* [MATERIALS PROVIDED]
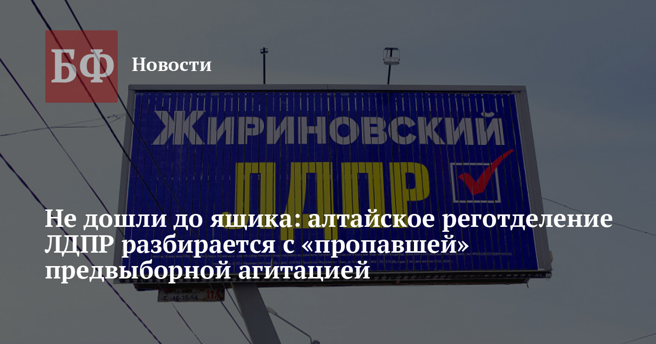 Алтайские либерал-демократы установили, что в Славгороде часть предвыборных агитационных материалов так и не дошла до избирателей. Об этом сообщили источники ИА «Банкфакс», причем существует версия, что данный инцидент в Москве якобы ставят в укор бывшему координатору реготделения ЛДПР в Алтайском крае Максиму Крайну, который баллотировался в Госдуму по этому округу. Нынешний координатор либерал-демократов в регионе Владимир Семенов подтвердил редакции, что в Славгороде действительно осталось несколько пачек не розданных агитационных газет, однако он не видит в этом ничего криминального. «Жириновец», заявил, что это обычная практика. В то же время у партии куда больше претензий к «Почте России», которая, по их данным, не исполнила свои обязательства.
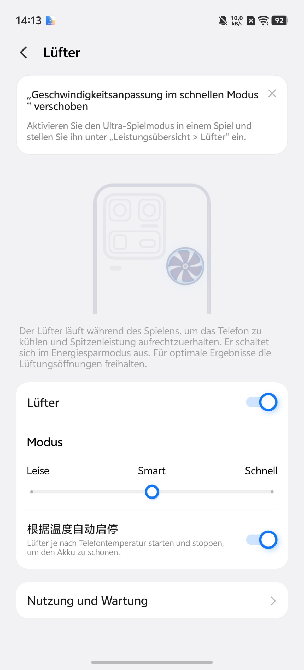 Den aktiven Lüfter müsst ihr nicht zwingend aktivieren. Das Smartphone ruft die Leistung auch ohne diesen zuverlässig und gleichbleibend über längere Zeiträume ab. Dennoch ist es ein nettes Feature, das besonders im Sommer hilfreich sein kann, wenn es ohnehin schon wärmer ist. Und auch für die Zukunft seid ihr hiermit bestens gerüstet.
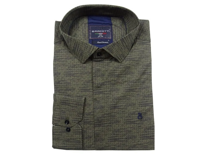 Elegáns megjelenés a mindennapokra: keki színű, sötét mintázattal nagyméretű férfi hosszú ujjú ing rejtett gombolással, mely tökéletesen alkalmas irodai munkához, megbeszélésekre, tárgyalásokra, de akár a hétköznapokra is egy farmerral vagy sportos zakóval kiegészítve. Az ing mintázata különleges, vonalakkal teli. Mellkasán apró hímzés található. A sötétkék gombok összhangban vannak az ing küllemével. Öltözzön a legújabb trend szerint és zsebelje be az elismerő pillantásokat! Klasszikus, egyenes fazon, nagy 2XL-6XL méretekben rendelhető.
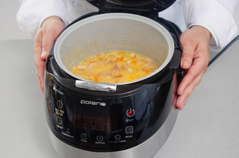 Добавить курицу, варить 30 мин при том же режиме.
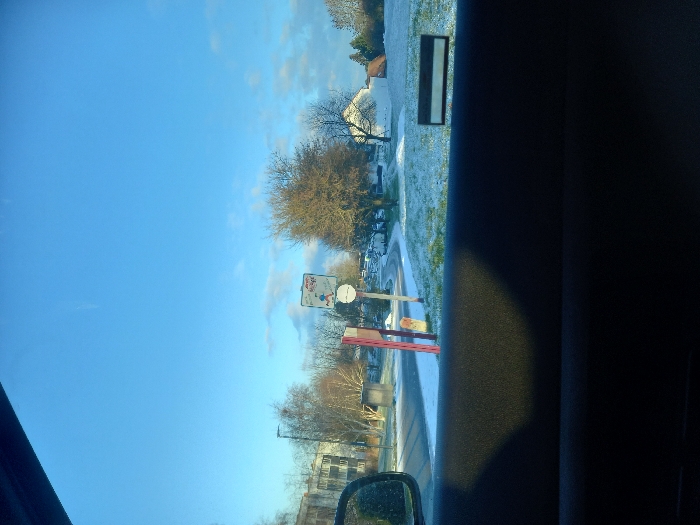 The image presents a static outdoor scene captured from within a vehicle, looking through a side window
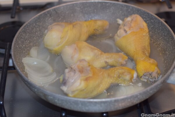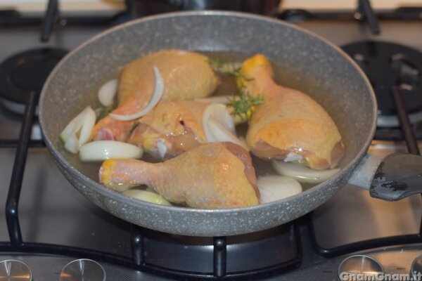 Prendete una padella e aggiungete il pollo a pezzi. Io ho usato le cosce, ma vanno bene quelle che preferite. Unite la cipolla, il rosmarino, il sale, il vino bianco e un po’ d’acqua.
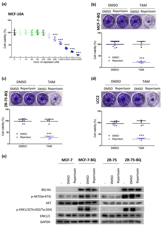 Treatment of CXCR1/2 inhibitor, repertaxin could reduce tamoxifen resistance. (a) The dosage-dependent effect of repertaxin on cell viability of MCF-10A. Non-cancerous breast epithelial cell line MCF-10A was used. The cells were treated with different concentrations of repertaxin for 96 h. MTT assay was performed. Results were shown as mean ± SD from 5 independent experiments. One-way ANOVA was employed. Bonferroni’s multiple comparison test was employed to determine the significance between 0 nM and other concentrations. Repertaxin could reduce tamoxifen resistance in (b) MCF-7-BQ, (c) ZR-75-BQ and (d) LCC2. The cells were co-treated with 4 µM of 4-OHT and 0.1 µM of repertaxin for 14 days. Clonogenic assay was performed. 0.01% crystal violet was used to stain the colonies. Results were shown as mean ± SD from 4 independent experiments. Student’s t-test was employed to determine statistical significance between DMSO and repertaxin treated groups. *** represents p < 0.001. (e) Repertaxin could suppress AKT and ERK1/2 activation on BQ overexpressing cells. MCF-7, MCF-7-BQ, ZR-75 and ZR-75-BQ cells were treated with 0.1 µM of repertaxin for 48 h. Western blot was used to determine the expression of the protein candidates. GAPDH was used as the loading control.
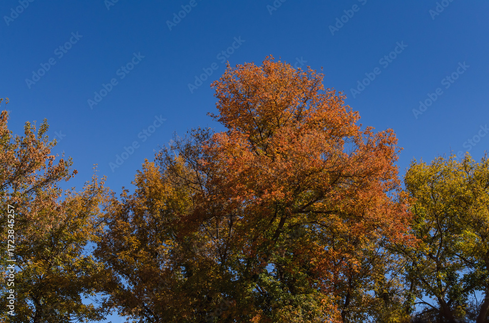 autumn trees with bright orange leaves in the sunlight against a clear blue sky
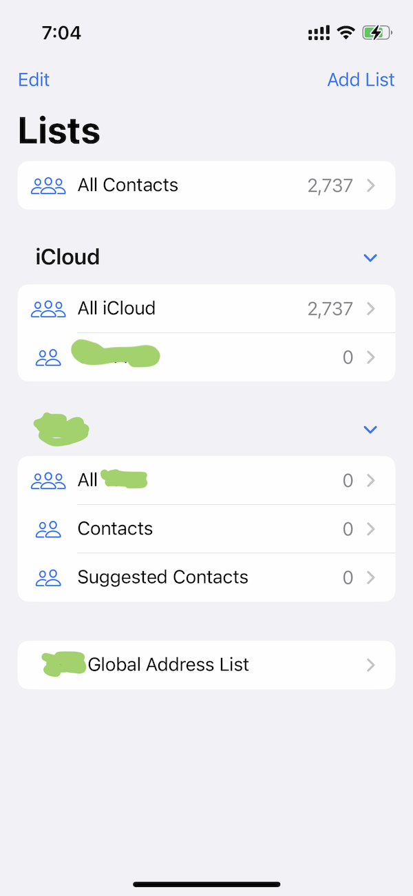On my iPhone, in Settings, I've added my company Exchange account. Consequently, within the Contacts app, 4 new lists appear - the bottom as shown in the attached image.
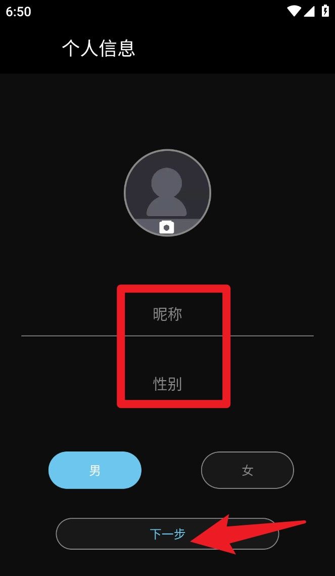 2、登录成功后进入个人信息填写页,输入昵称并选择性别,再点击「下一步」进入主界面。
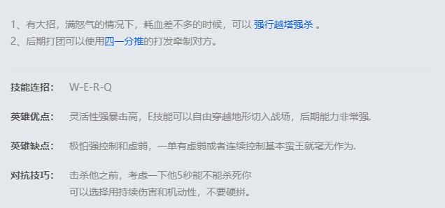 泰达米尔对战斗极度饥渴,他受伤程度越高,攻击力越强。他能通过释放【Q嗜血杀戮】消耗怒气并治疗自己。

* [THE PROBLEM] The line containing "2、登录成功后进入个人信息填" and every line after it, up to the last line of the data, should be returned exactly, without the pictures.

* [SOLUTION BELOW]
 2、登录成功后进入个人信息填写页,输入昵称并选择性别,再点击「下一步」进入主界面。
 泰达米尔对战斗极度饥渴,他受伤程度越高,攻击力越强。他能通过释放【Q嗜血杀戮】消耗怒气并治疗自己。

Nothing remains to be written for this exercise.